(216a) Evaporation-Driven Fluid Flow Enhances Sensitivity of An In Vitro Influenza Virus Drug-Susceptibility Assay

Influenza
A in the United States causes around 36,000 annual deaths and $10 billion in economic
losses.  Rapid evolution through multiple mechanisms leads to periodic novel strains
with elevated virulence, transmissibility, and/or drug resistance.  Although
vaccination is the primary public health measure designed to fight influenza,
antiviral drugs are very important and effective for individual cases of
elevated risk or compromised immune system.  The traditional ?plaque reduction
assay? can be used to quantify the ability of drug to inhibit virus spread in infected
cell culture monolayers under agar, which inhibits convection flows.  Because
there are no flows in this assay, the virus spreads only to neighboring cells. 

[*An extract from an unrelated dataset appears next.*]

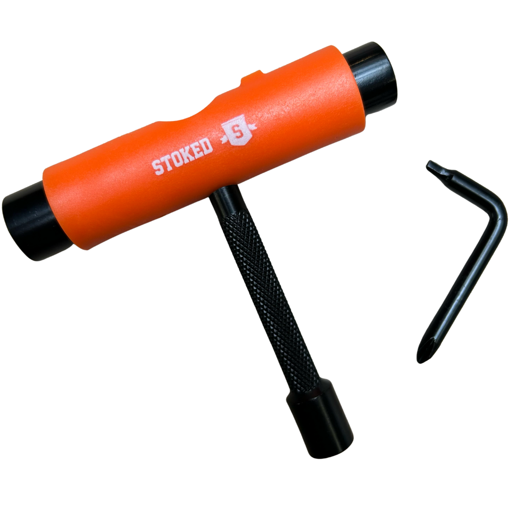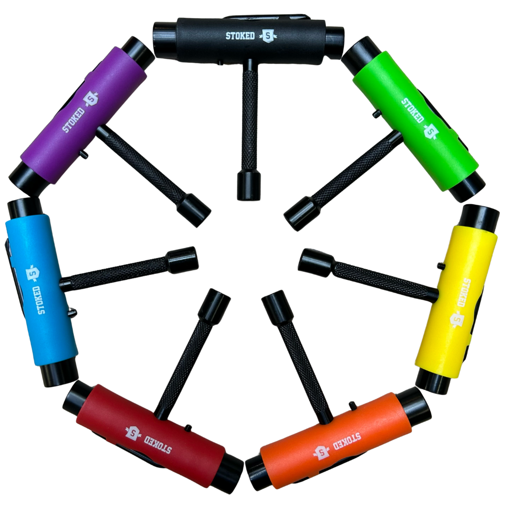 Das Stoked Metal Handle Skate Tool wurde von der europäischen Stoked Board Co. in Zusammenarbeit mit Stoked Pro Skatern entwickelt. Dieses sehr handliche All-in-One-Skate-Tool dient zum Festziehen Ihrer Skateboardfeilen, Achsen oder Schrauben. Außerdem ist diese Full Metal Version besonders robust. Wenn Sie viel skaten, wissen Sie, dass es immer cool ist, ein gutes Werkzeug zur Hand zu haben.

These circular plaques are counted, and the effectiveness of the drug is
quantified as the ability to inhibit plaque formation.  Modifying this assay by
culturing infections under liquid media rather than agar gel so that spontaneous
natural convection flows arising within the fluid spread the infections in
comet-like patterns radiating outward from the center of the plate.  By
leveraging these spontaneous flows and quantifying comet area rather than
simple counts, we have reduced assay time and increased the drug-sensitivity by
an order of magnitude relative to the plaque reduction assay. 

We
have also shown that the morphology of the comets depends strongly on the relative
humidity level during incubation, providing evidence that the driving force
behind the spontaneous flows arising in culture wells arise from evaporative
cooling at the air-liquid interface.  By confocal imaging of a
temperature-sensitive dye solution, we characterized the three dimensional
temperature profile within the fluid and predicted the resulting flow patterns
using computational fluid dynamics.  The improved sensitivity of flow-enhanced
assays allows drug sensitivity assays or screens to be performed with lower
drug concentrations, minimizing the toxicity to cells.  In addition, other
groups conducting in vitro biological assays should be aware of flow
patterns in wells and the affects of small changes in relative humidity.